Even though we plan to support simple page generators like Jekyll or Hugo in the future, in most cases, you should content yourself with the HTML template, and generate the pages locally to push them afterward, in order to save the resources on the runner. Some templates might require commands not available on the server anyway.

We mean that. Really. Be nice to the server. ;)

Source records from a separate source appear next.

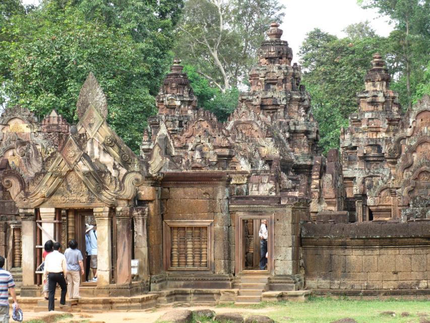 Храм Бантей Срей – уникальный храм кхмеров, построенный из розового песчаника и богато украшенный утонченной резьбой по камню.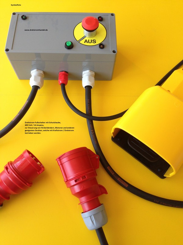 Drehstrom-Fußschalter / Fußpedal mit Schutzhaube - zur Steuerung geeigneter Geräte wie Förderbänder etc., 400 / 16 Ampère komplett mit Gummischlauchleitungen und Steckvorrichtungen, geprüft und sofort einsatzbereit. Schnellausschalter im Basisgerät.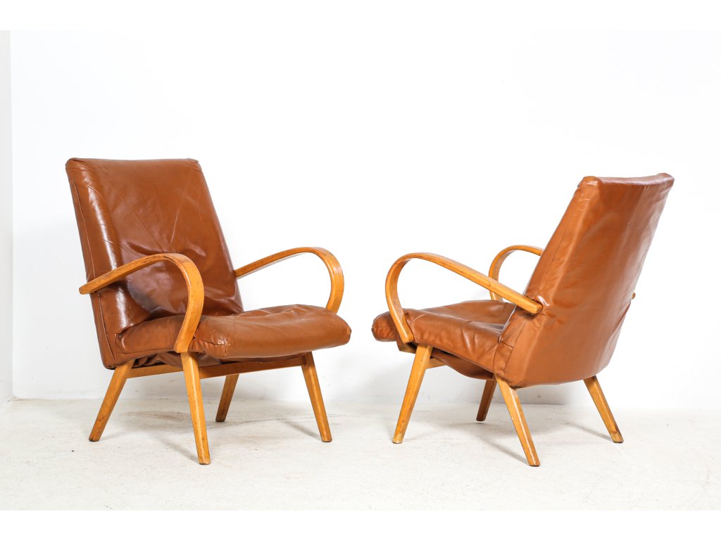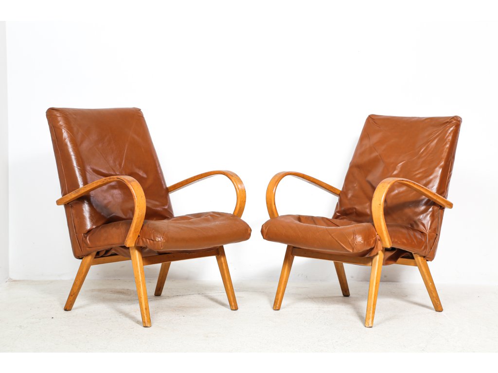 Retro, socialismus. Konstrukčně stabilní, původní čalounění vyměněno za syntetickou kůži. Používaná, stav viz foto. Uvedená cena za pár.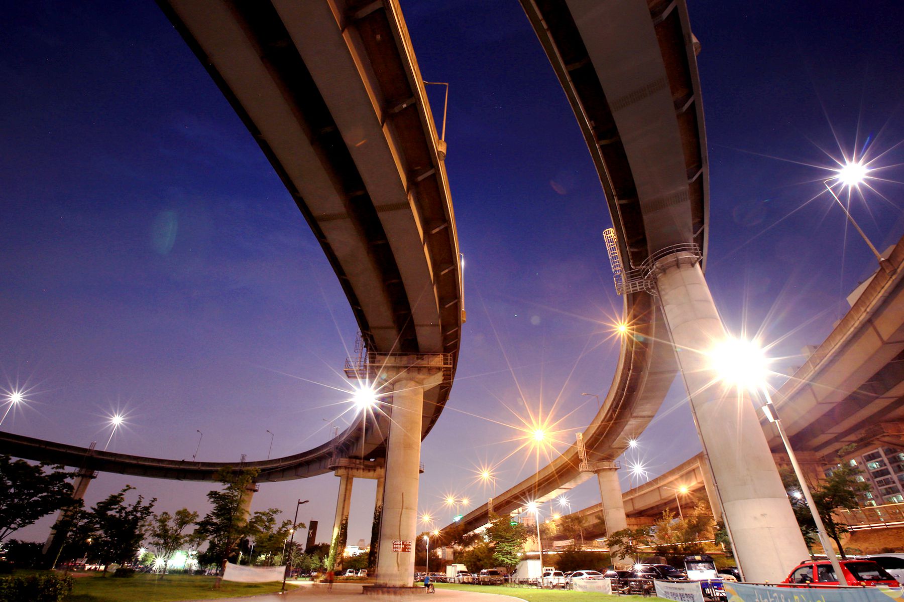 아름답고 화려한 조명과 가로등이 황홀한 밤의 경치를 자아내는 청담대교 야경!

important: (at least for static pages deployment) your artifacts must be stored in a directory named public/; if they are currently in a different location, use the script section in .gitlab-ci.yml to create that dir and copy the content there.

Getting Help

See the Salsa maintenance description.

Hints for previous users of Alioth

See Salsa/AliothMigration.

API Usage Best practises

  • if you want to know if a project exists, access the project by name, authenticated, if you get a 404 then it doesn't exists.
  • do not search for getting an id. If you need the id, access the project by name and use path-encoding https://docs.gitlab.com/ee/api/#namespaced-path-encoding

  • do not request all projects in a group unless you really have. If you really have to get the list, for i.e. looping, use simple=true (https://docs.gitlab.com/ee/api/groups.html#list-a-group-s-projects).

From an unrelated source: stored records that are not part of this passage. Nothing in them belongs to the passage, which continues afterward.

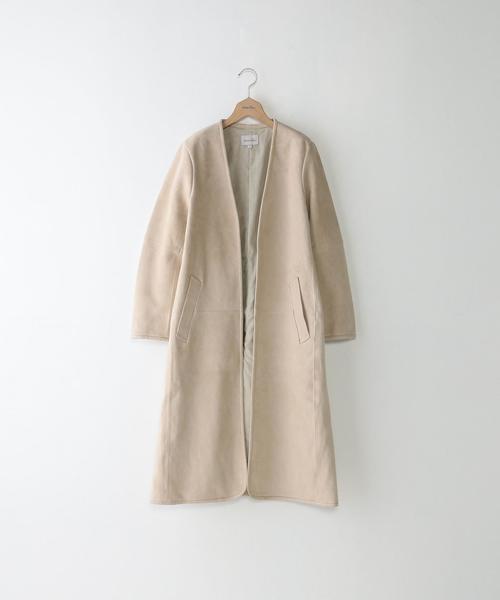 しっとりとしたゴートスウェード仕立てのロング丈ガウン。上質で柔らかな質感と、巧妙に計算されたパターンメイキング、丁寧な縫製により高いクオリティを実現しています。アウトラインはパイピング処理により、すっきりとした表情に。後ろ裾には深めのセンターベントを施し、動きやすさにも配慮しています。今シーズンらしいスウェード素材にAライン、ばさっと羽織れるガウン型とトレンドが詰まった自慢の一着を是非お見逃し無く。店舗にてお問い合わせの際は、全国のsteven alan各店舗まで下記の品番をお申し付け下さい。品名: SABY GOAT SUEDE GWN 品番:8225-199-0018
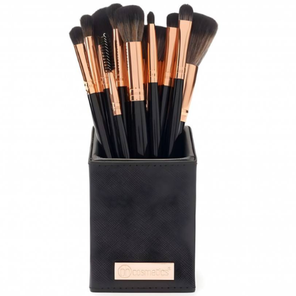 بي اتش كوزماتيكس - طقم فُرش مكياج مميز من 13 قطعة مع حافظة تخزين وردة ذهبية سوداء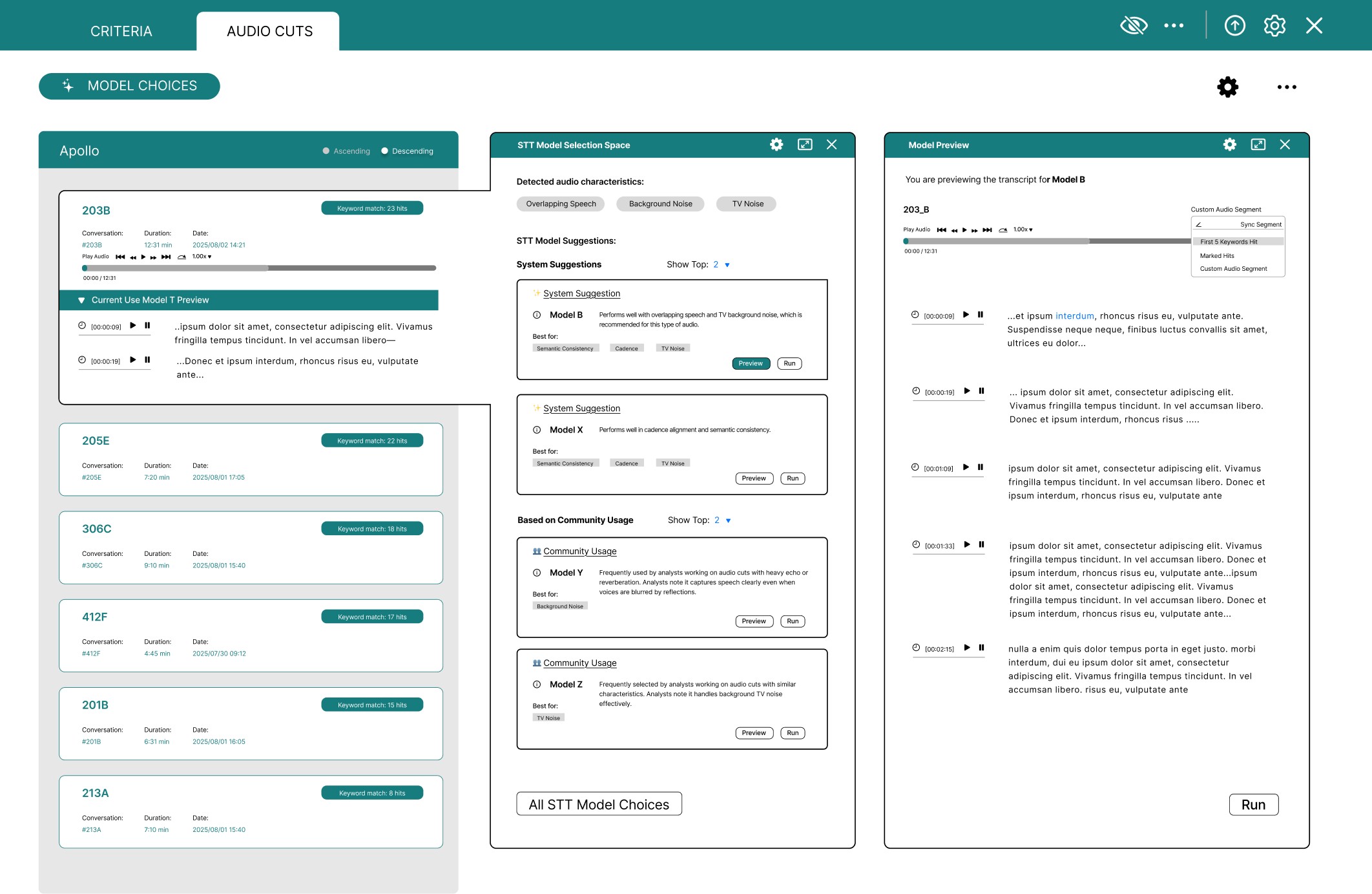 After conducting multiple sessions of ideation methodologies, we chose three low-fidelity concept directions to understand how multiple STT models and explanations could be introduced within an existing audio playback system. All concepts were intentionally designed on top of a provided screen from the current analyst workflow tool, allowing us to explore new interactions while staying grounded in a familiar interface. These early concepts helped us evaluate tradeoffs between clarity, depth, and cognitive load.

  • Implement proper pagination, please do not just requests a few hundreds elements per page
  • set an User-Agent header with information about the project; don't make requests with generic user agent headers

  • if you use a lib, ensure the lib does implement the api properly
  • do not run extensive jobs too often
  • please consider to use vcswatch or other data gathering projects
  • do not regularly poll things
  • if in doubt, talk to us before you code and talk to us before you put your code into production

SSH Host Keys

When connecting to Salsa to fetch or push a Git repo for the first time, it is essential to verify host's ssh keys. The keys for Salsa have been published as SSHFP DNS records as well as in the Debian known_hosts file. This is a one time operation. From now on ssh will trust the keys in the local known_hosts file.